General depressed feelings
Depression brought on by illness and disability
The feeling that most depressed people have is that there is no-one who understands how they are feeling, how impossible it is to feel anything other than hopelessness and sadness, and how impossible it is to change the way that they feel now to the way that they used to feel and the way that other people feel( i.e.. happy!)
A further complication is that if someone has visited their G.P. for help they will have been prescribed anti-depressants. This medication brings with it its own range of feelings. A common experience is that everyone and everything feels remote. The person feels as if they are looking at the world through a curtain. They are not relating to it as before but in a remote way by which they part the curtain for a few moments to observe what is happening out there but never feel that experience of people and things relate to them directly.
Depressed people feel that they have no individual worth. They are a burden and no-one can possibly like them. appreciate them, need them.

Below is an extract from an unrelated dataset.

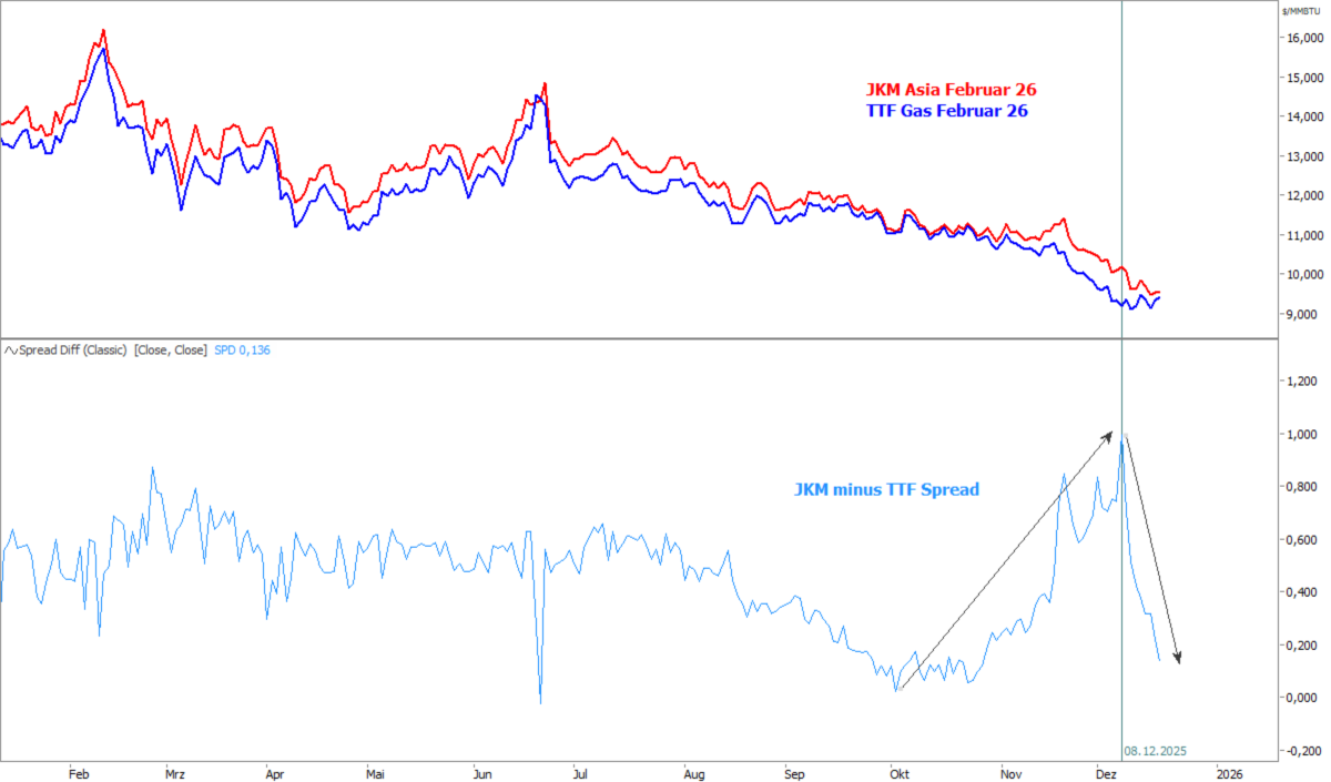 Angesichts der anhaltenden Schwäche des asiatischen JKM LNG-Preises und der Stabilisierung am kurzen Ende bei TTF Gas ist der TTF-JKM-Spread deutlich zusammengelaufen und liegt für den Februar-26-Future aktuell bei 0,14 US-Dollar/MMBtu (Settlementpreis vom 18. Dezember).

Depressed people feel that they are the only one to have ever felt like this and are certainly the only person who feels like this at this precise moment.

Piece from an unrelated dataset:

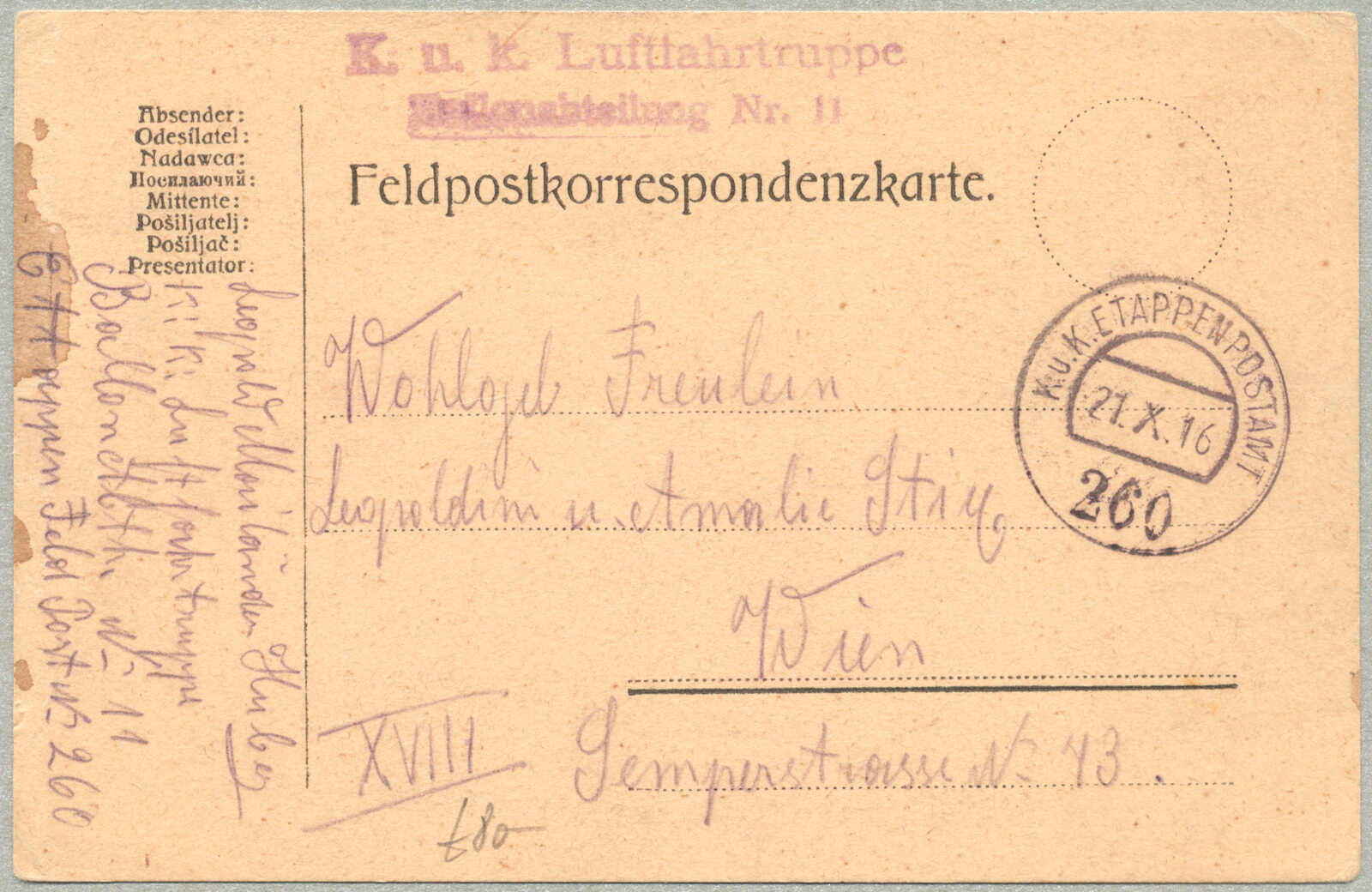 1916, field post card, from Austria-Hungary to Vienna, sent by K.U.K. LUFTFAHRTRUPPE BALLONABTEILUNG NR. 11, endorsed by K.U.K. ETAPPENPOSTAMT 260 21.X.16 handstamp, handwritten military correspondence dated October 20, 1916, rare World

They often think that their feelings are a natural result of the cards they have been dealt in life. If they have a physical illness or disability then they are the only one who has experienced this and therefore how they feel is a direct result of this.
How can people may steps to change their depressed experiences?
Physical exercise must play a part in helping clients.
Cognitive therapy approaches are particularly good for tackling this way of thinking.
Hypnotherapy can help by using these main approaches.
Suggestions of growing confidence and growing ability to cope can be made at both a conscious and an unconscious level. The sufferer can be helped to look at themselves more positively.
They can also be taken back to times when they experienced confidence and control and then after feeling those experiences again they can be encouraged to bring them into the present and to feel them now in a way in which they can have confidence and feel in control in the present.
Associated with depression is often an anxiety about how to cope with the tasks that have to be done each day and a fear that the ability to function in a satisfactory way with every day challenges has gone. Hypnotherapy is very good for calming the mind and reducing general anxiety. This then leads to the client being in a state of mind in which they can face challenges with confidence and function to the best of their abilities.
Hypnotherapy is also very good at enabling a person to imagine how they will react in a particular situation and to practise going into a situation with a game plan already worked out.
In many situations hypnotherapy can help the client to find novel solutions to the problems they are facing.
Breaking up the normal thought patterns with a specific humorous suggestion can be a very useful way to interrupt negative thinking.